As part of Bristol’s $74 billion acquisition of Celgene, the New York pharma offered Celgene shareholders the CVR. But to realize the $9-apiece payment, approvals for three ex-Celgene drugs must meet their prespecified deadlines.
Multiple sclerosis therapy Zeposia already hit its target with an approval in March.

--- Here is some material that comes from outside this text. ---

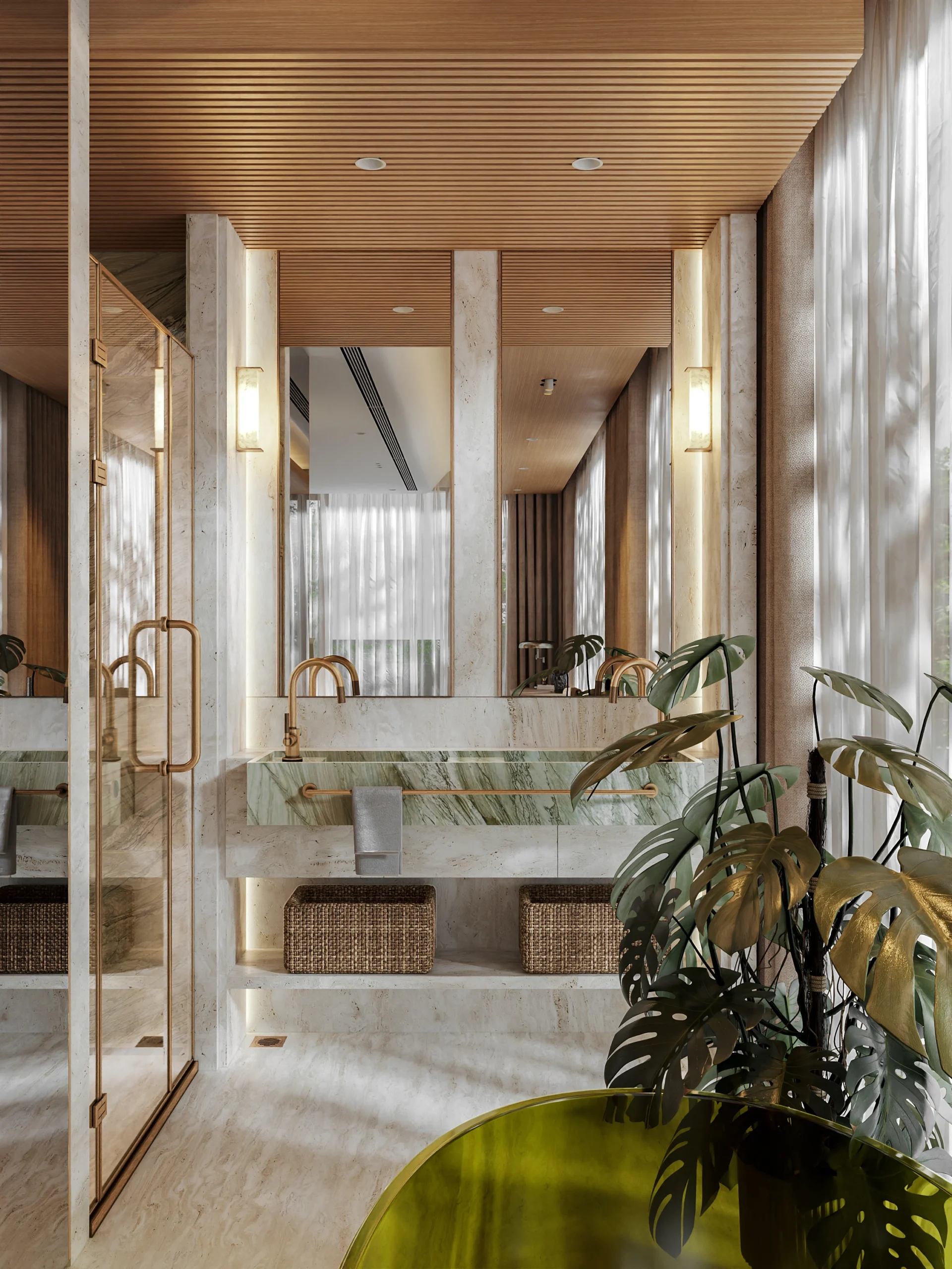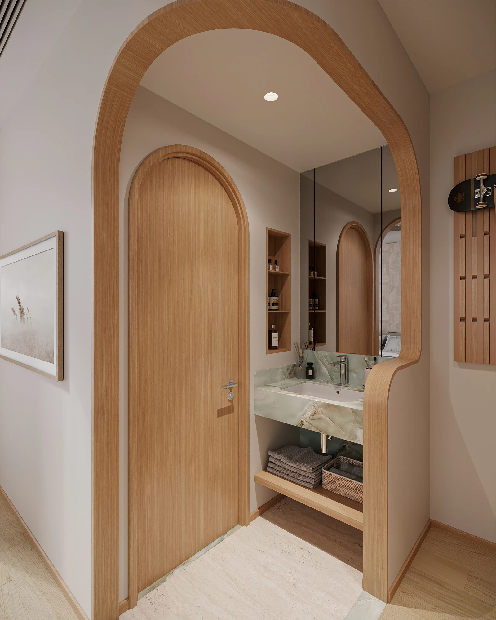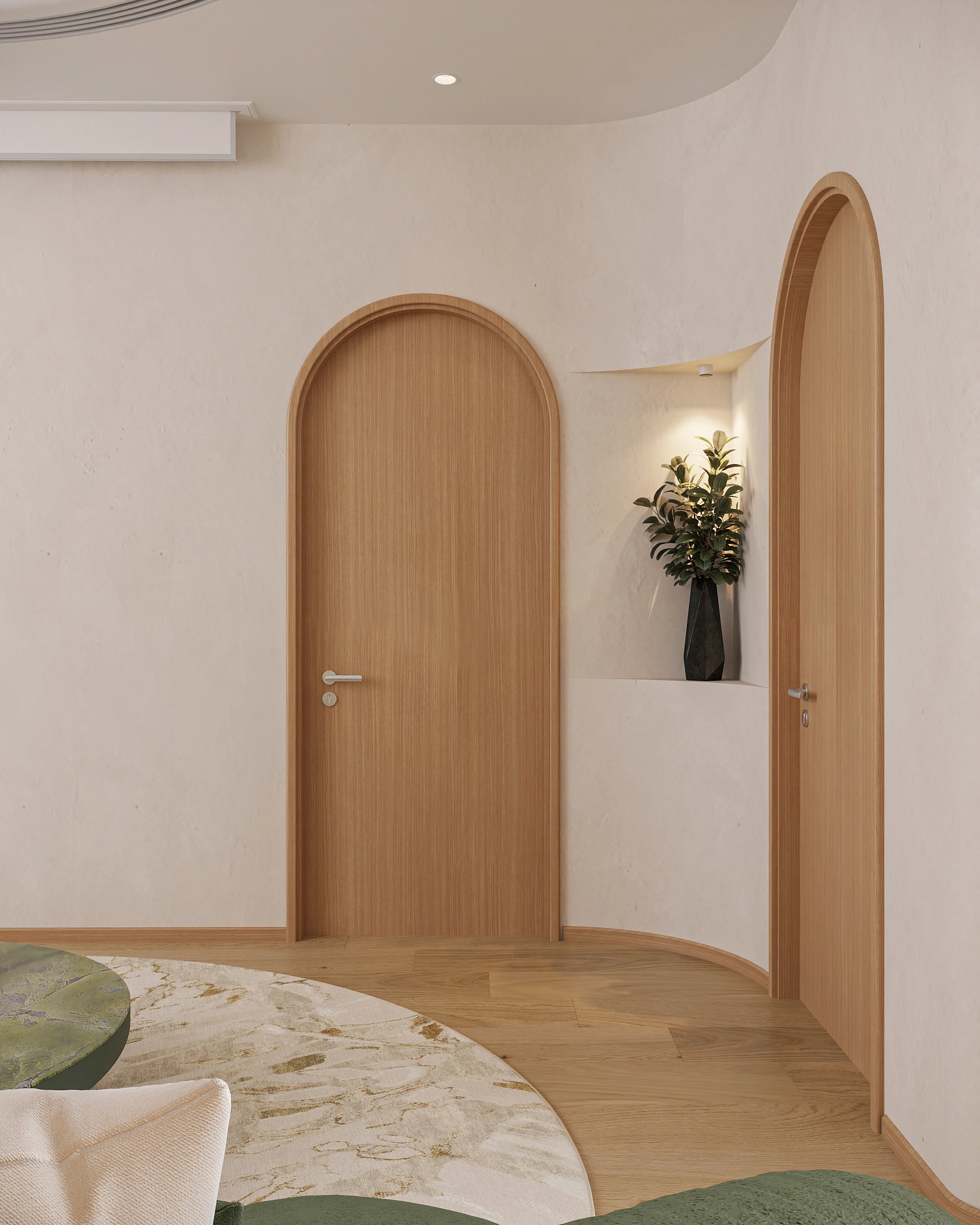 Thay vì những góc cạnh khô cứng, chúng tôi ưu tiên những hệ cửa vòm kính khổ lớn. Việc thay thế gỗ tự nhiên bằng nhôm sơn giả gỗ cho hệ cửa mặt ngoài là giải pháp kỹ thuật nhằm đảm bảo độ bền trước thời tiết, đồng thời giữ trọn vẻ thẩm mỹ ấm áp.

And bluebird bio-shared anti-BCMA CAR-T therapy ide-cel, despite a previous manufacturing documentation miss, could meet its goal of March 31, as the FDA has set a decision date for March 27.
However, the possibility of CD19-directed CAR-T candidate liso-cel meeting its year-end deadline looked remote after the FDA in November postponed its decision for the second time. As part of the review process, the agency had been unable to conduct an inspection of a Lonza facility in Texas, which is meant to make the viral vector for the cell therapy. Before that, the FDA had already postponed its original action date by three months to review additional documents from the company.
The news crashed the CVR’s trading price to below $1, and, if an inspection isn’t complete to facilitate an approval by year-end, the CVR will be worth nothing. BMS declined to comment.
Of course, the Macrogenics story means that FDA plant inspections remain underway during the pandemic, but not necessarily for BMS. And as Mizuho analyst Salim Syed noted in his analysis, “there is a lot of tea leaf reading going on right now,” and there’s “nothing definitive that I can point to.” Apparently, desperate CVR holders are also reading “movement at the Lonza facility” as positive signs, according to Syed.
The FDA’s site inspection activities have been limited during the pandemic as travel restrictions are in place and as the agency ensures the safety of its staff. Those constraints have come at the expense of several drug approvals. After liso-cel, Revance’s frown-line injection daxibotulinumtoxinA was also hit with a delay after the FDA admitted it couldn’t inspect a Newark, California, plant on time for its review.